Monday, 4 February 2013
the home made guitar reaches the tack cloth stage (Guitar Part 4)
The guitar project is proceeding in the background. I've a few days at home this week, before I travel to Liverpool for work on Thursday.
It's quite useful because I'm at the spray painting stage. This appears to require frequent sessions spraying very thin coats, first of primer and now I'm moving on to the Ford Focus GT Pearlescent Orange middle layers.
The face mask seems even more important because I can see all the tiny aluminium particles used to make the pearlescence as they float in the air.
I've also got a whole selection of 600, 800, 1200 and 2000 wet and dry silicon carbide paper for the intermediate sanding and something called a tack cloth to wipe down the prepared surface. That's a whole new learning curve for me.
The timber for the body is alder, which is relatively inexpensive but quite stable.

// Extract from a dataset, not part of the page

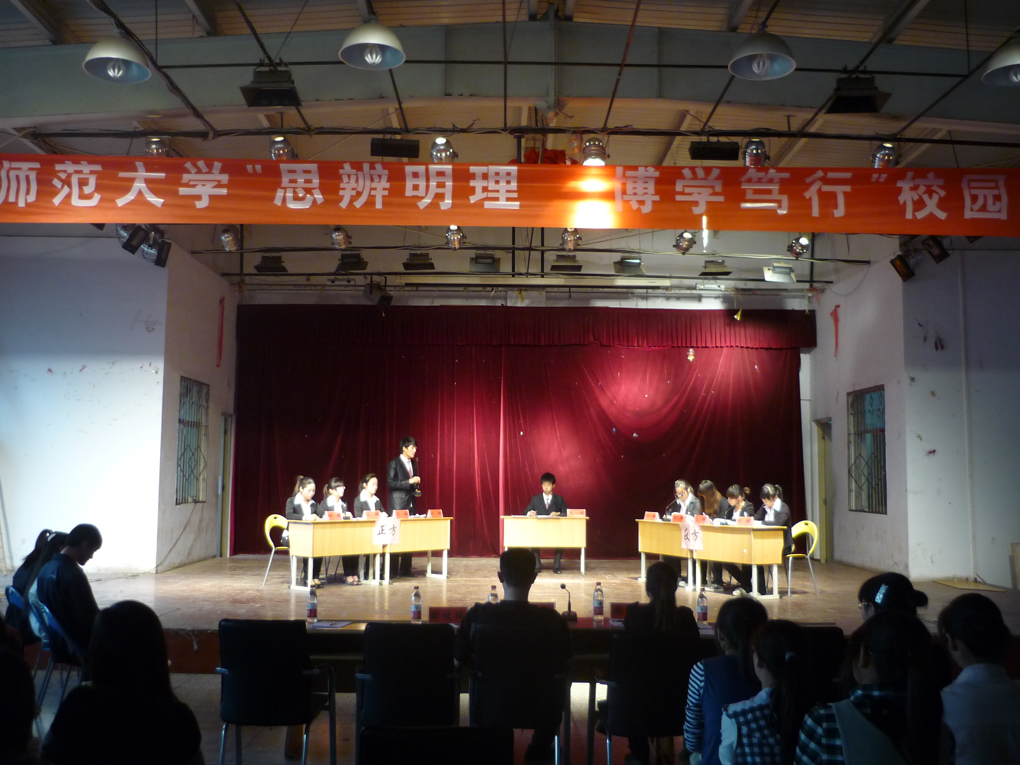 初赛中我院对战计算机与信息科学技术学院,针对“大学生就业难难在外部环境还是自身条件”进行了辩论。我院凭借统一的着装、昂扬的气势、良好的礼仪风貌在自我介绍环节就得到观众的肯定,显示出我院的专业水平。在接下来的开篇陈词、攻辩以及攻辩小结中,我院选手表现良好,流畅的语言、犀利的话语使得对方选手哑口无言。自由辩论阶段把整个赛场的气氛推向了高潮,对方选手毫不退让,针对我院的观点“大学生就业难难在外部环境”进行了全面的反驳,但是我院选手凭借敏捷的思维和逻辑,一直掌握着本场比赛的主动权,并与在场观众进行了良好的互动,赢得了评委的好评。最终,我院以89分的好成绩获得了比赛的胜利,成功晋级八强,其中我院选手李淑婷获得了本场最佳辩手的荣誉称号。

It is more suitable for painting in a block colour, rather than staining to bring out the not very interesting wood grain.
I see that fancy guitars get made of harder woods and they can have very attractive patterning. I suspect that is why they get stained to show the natural wood grains. I'm realistic enough to know that I'd just ruin anything too fancy.
They say that the wood affects the guitar tone too. I understand the basic physics, such that no-one makes electric guitars from hard rubber or plastic, but I also wonder about the whole maple vs mahogany vs walnut discussion. I'm sure the guitar's own resonance must make some difference, but I can't help thinking that on an electric guitar the signal chain of pickups, tone controls and amplifiers will be the more dramatic factor. Maybe someone should run some blind tests of different guitars.
Anyway, I see lots of Fender guitars are made from alder, so it can't be too bad.
I've also started to] marshal some switches for the various controls. I decided to make a cardboard template and screw the controls to it. Even with just two pickups there's a surprisingly large variety of wiring options.